Microsoft's MEC 2002 conference was held in Anaheim, California, 2 weeks ago and was well attended by approximately 5000 technology-thirsty people. In recent years, Microsoft has tactically leveraged its large conferences to announce new products and technology, and this event was no different. Microsoft also used this venue to parade solutions and testimonials from large and well-known customers who have built solutions on the Microsoft platform. I had the pleasure of talking to the folks from the Developer and Platform Evangelism Division at Microsoft and to Therese Fontaine, principal architect at Honeywell. Fontaine, a savvy industry veteran, enlightened me about the technologies that Honeywell is building on the Microsoft platform. Fontaine runs a cutting-edge shop and has every right to be proud of it. But one of the most interesting and important things Fontaine mentioned is a phenomenon that I've been seeing (and writing about) for a long time—the productivity gains companies can enjoy by building solutions in Microsoft .NET.
"With the utilization of the .NET architecture, XML Web services, and the Microsoft Business Intelligence Tool sets, we are able to deliver critical data to our users in hours and days, where previously it could take weeks or months. We now look at releasing critical applications to our user base in 4 to 10 weeks. Our developers are very excited at being able to meet our customers' needs and doing so in 10 to 20 percent of the time that it used to take," Fontaine said.
Consider the statement "10 to 20 percent of the time that it used to take." I've been saying, "it takes half the time, most of the time" for a long time. Truly, we're experiencing a software revolution.
Alain Gentilhomme, director for the Developer and Platform Evangelism Division at Microsoft, said about .NET's benefits, "We are delighted with the innovative ways our customers are implementing .NET. Honeywell is a perfect example of the productivity and ROI that large enterprises can realize from the .NET Framework, Visual Studio .NET, and XML Web services. Enterprises that have large existing investments and that need to move to the connected world of XML Web services are finding .NET to be the most straightforward way to move ahead, providing the most bang for their buck in terms of people, resources, and time."
The most exciting announcement that Microsoft made was about Jupiter. Microsoft briefed me about this technology a few months ago in a nondisclosure agreement (NDA) meeting in Redmond, and I never thought that the company would publicly announce Jupiter so soon. Due in the 18-month time frame, Jupiter will combine, and consequently integrate, Microsoft's Content Management Server, Commerce Server, and BizTalk Server. The idea behind Jupiter is to allow less painful integration for users who have projects that use these three server products and to further Microsoft's "better together" commitment. Microsoft is positioning Jupiter to compete directly against IBM's WebSphere product line.
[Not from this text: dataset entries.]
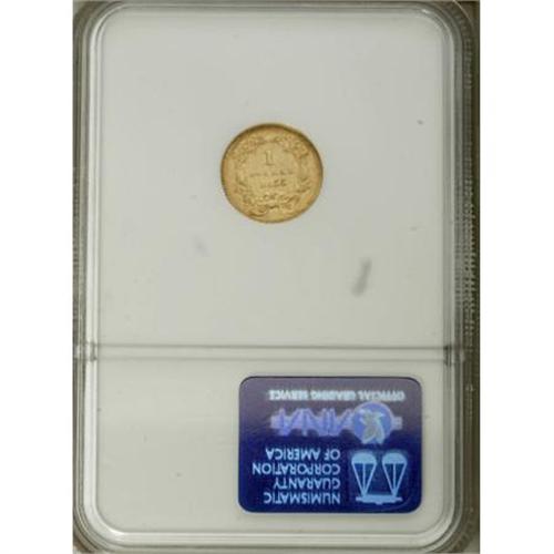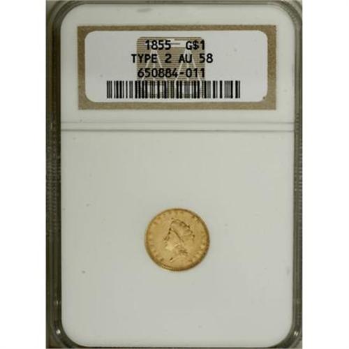 <B>1855 G$1 AU58 NGC.</B></I> This is an attractive piece with pleasing coloration and abrasion-free surfaces that just show faint hairlines in the fields and even highpoint wear on the devices. Typical moderate clash marks are noted on the reverse. A desirable near-Mint example of the Type Two gold dollar.<BR><I>From The Casa Becca del Norté Collection.</B></I><BR><BR><B>Coin Engraver:</B> James B. Longacre<BR><BR><b>Shipping:</b> Coins & Currency (<a target="_blank" href="http://www.heritageauctions.com/common/shipping.php">view shipping information</a>)
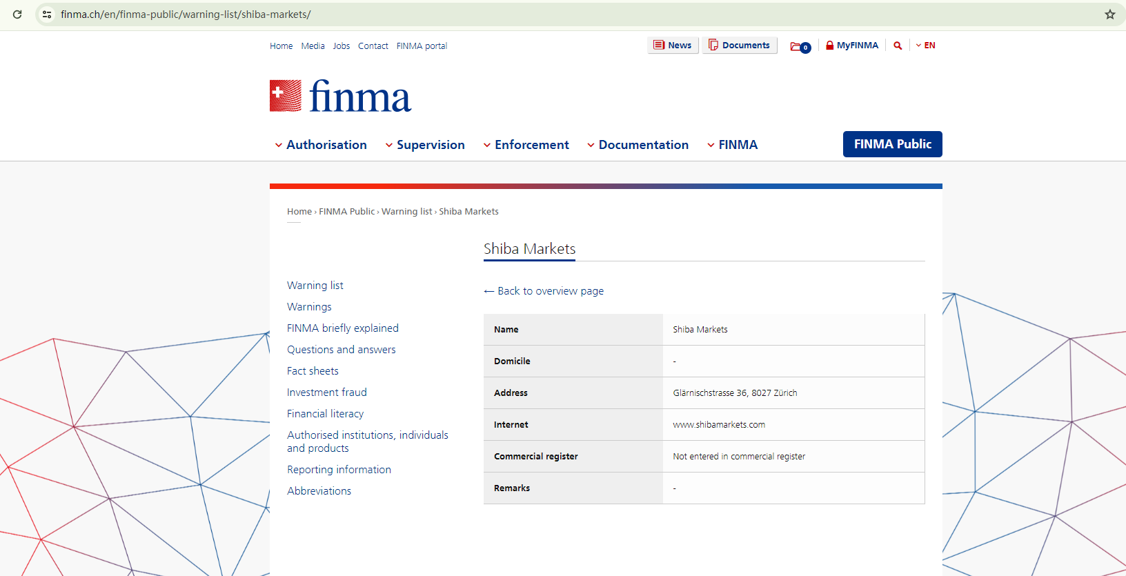 On Feb 29, 2024, the Swiss Financial Market Supervisory Authority (FINMA) issued a warning against Shiba Markets, stating that this broker is not entered in its commercial register. https://www.finma.ch/en/finma-public/warning-list/shiba-markets/
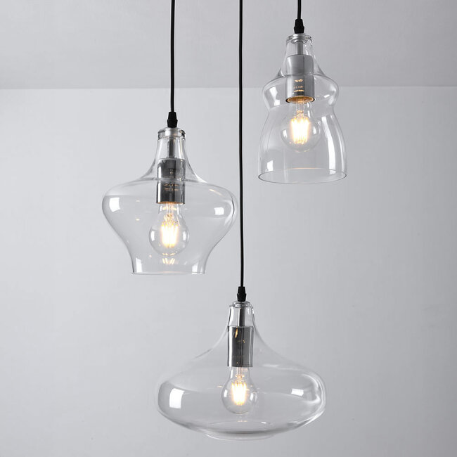 Luksusowe światło w przezroczystym szkle. Ta piękna lampa wisząca wykonana jest z żelaza i przezroczystego szkła. Szklane lampy powracają do łask w nowoczesnym stylu wnętrz i są cenione za swój dekoracyjny efekt. Trinidad to wyjątkowa lampa wisząca, która w nowoczesnym designie przywraca pełne, retro kształty tradycyjnych lamp, łącząc eleganckie przezroczyste szkło z surowym żelazem w luksusowej oprawie.
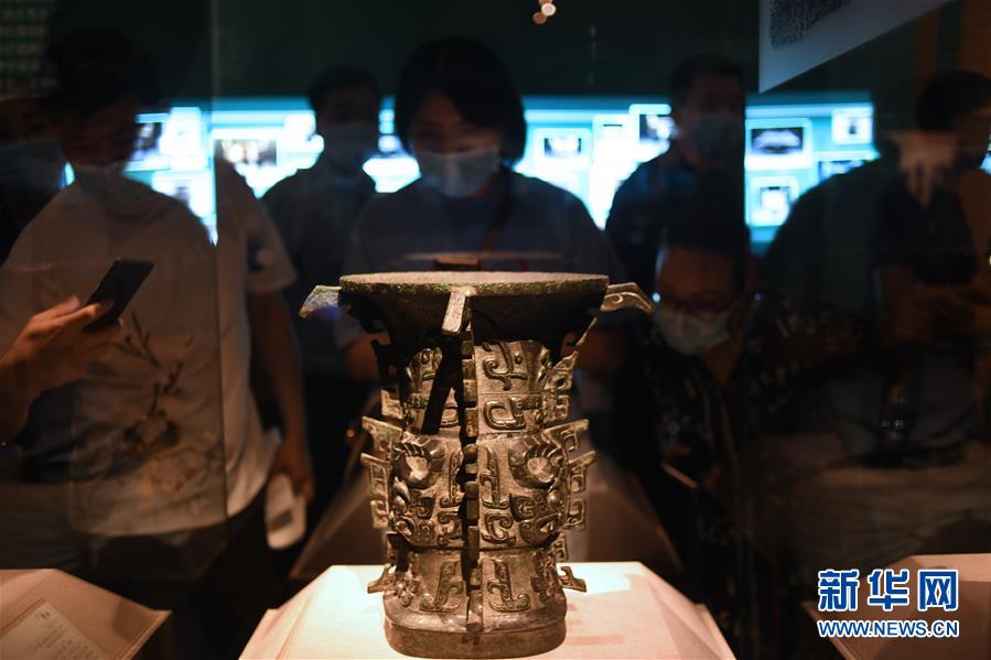 8月14日,观众在参观西周早期礼器何尊。 当日,“宅兹中国——宝鸡出土青铜器与金文精华”展在北京中国国家博物馆开幕。本次展览精选青铜器文物140余件,分为金文的艺术、金文中的故事、金文中的智慧三个单元,系统展示宝鸡及其周边地区出土青铜器与金文丰富深厚的文化内涵,彰显中华文化源远流长的独特魅力。 新华社记者 金良快 摄
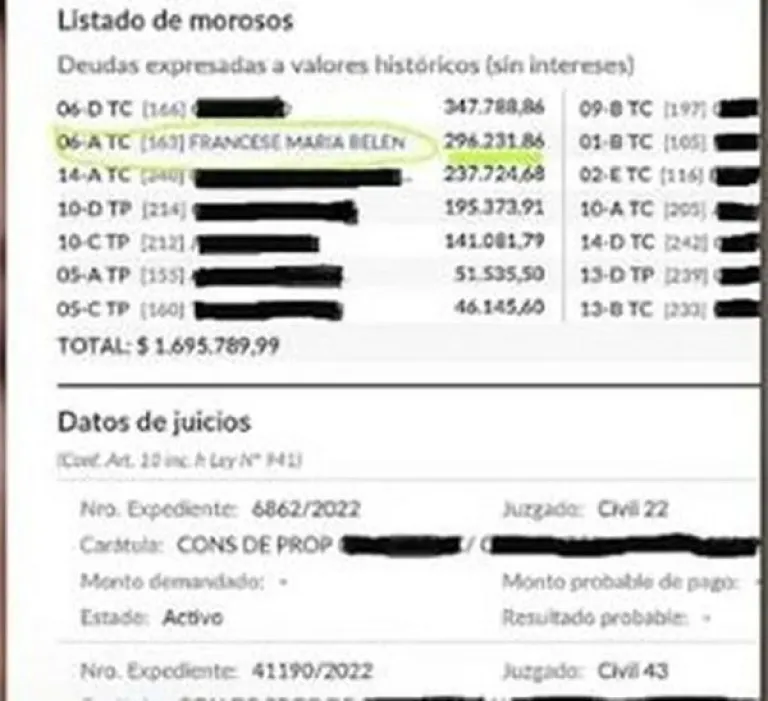 El periodista de Intrusos agregó cuál era la denuncia y la cifra que la artista estaría adeudando. "Están dando a conocer que debe 300 mil pesos en expensas. Están a punto de pasar a juicio, de iniciarle acciones legales, serían como unos 6 meses sin intereses", detalló sobre una deuda que sería precisamente de $296.231,86.
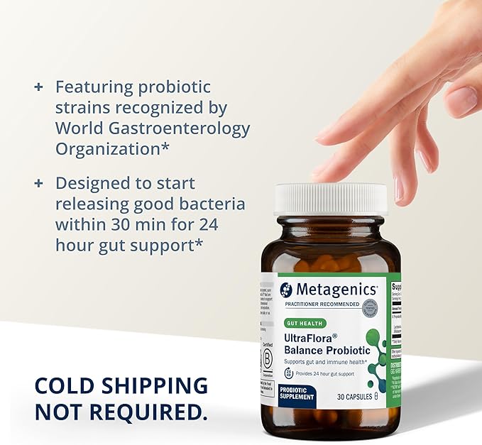- Probiotic Formula: Metagenics UltraFlora Balance Probiotic is formulated with probiotics clinically shown to support gut, digestive, and immune health, helping to maintain a healthy balance of “good” gut bacteria*
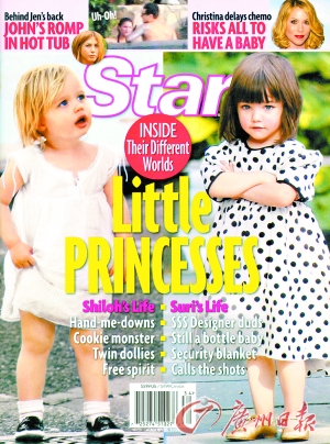 8月19日,布拉德·皮特與安吉麗娜·茱莉的女兒希洛(Shiloh)、湯姆·克魯斯與凱蒂·赫爾姆斯的女兒蘇瑞(Suri Cruise)雙雙登上了《Star》雜志的八月刊。在照片中,希洛仰頭望天,讓人忍不住想要去親她,而蘇瑞則雙手在胸前交叉,一副傲慢小公主的樣子,也十分可愛。

Microsoft also revealed more information about Titanium, the code name for the next Microsoft Exchange Server version. Titanium promises to provide dramatic reductions in total cost of ownership (TCO) and the best-connected user experience online, across a range of network connections, or offline. Titanium will offer XSO, the code name for a new managed API for adding collaborative functionality to .NET applications. XSO will make integrating Exchange data and services (e.g., email notifications, calendaring, contacts, tasks) into business applications more intuitive for developers. Because XSO is also remotely accessible, applications built with XSO don't have to reside on the Exchange server, so more applications will be able to use Exchange functionality from anywhere in the organization. Microsoft also predicts enterprises that run Titanium will be able to significantly decrease the amount of Exchange server hardware they need thanks to new backup technology, Volume Shadow Copy Service (VSS)—not to be confused with Visual SourceSafe—and improvements to reduce and compress traffic between Microsoft Outlook and Exchange. Titanium also boasts improvements such as Messaging API (MAPI) over HTTP, a new Outlook Web Access (OWA) client, and native support for mobile devices.
Another announcement Microsoft made concerned Microsoft Solution for UNIX Migration (MSUM), a set of tested templates and best practices on how to interoperate or move mission-critical business applications from UNIX to Windows. The Windows Server Platform installed base continues to grow, while the combined UNIX derivatives continue to decline. Microsoft's Industry Partners are prepared to provide services and support programs focused on helping customers who want UNIX applications to interoperate with or migrate to Windows Server platforms. Microsoft reported that more than 100 of the largest enterprises worldwide are in various stages of migration, with more than 50 of those migrations already completed.
With no large conferences scheduled before April 2003, we'll have to wait a while for more major announcements from Microsoft. But the launch events for Windows .NET Server (Win.NET Server) 2003 and for Visual Studio .NET 2003, although not officially scheduled yet, are coming soon.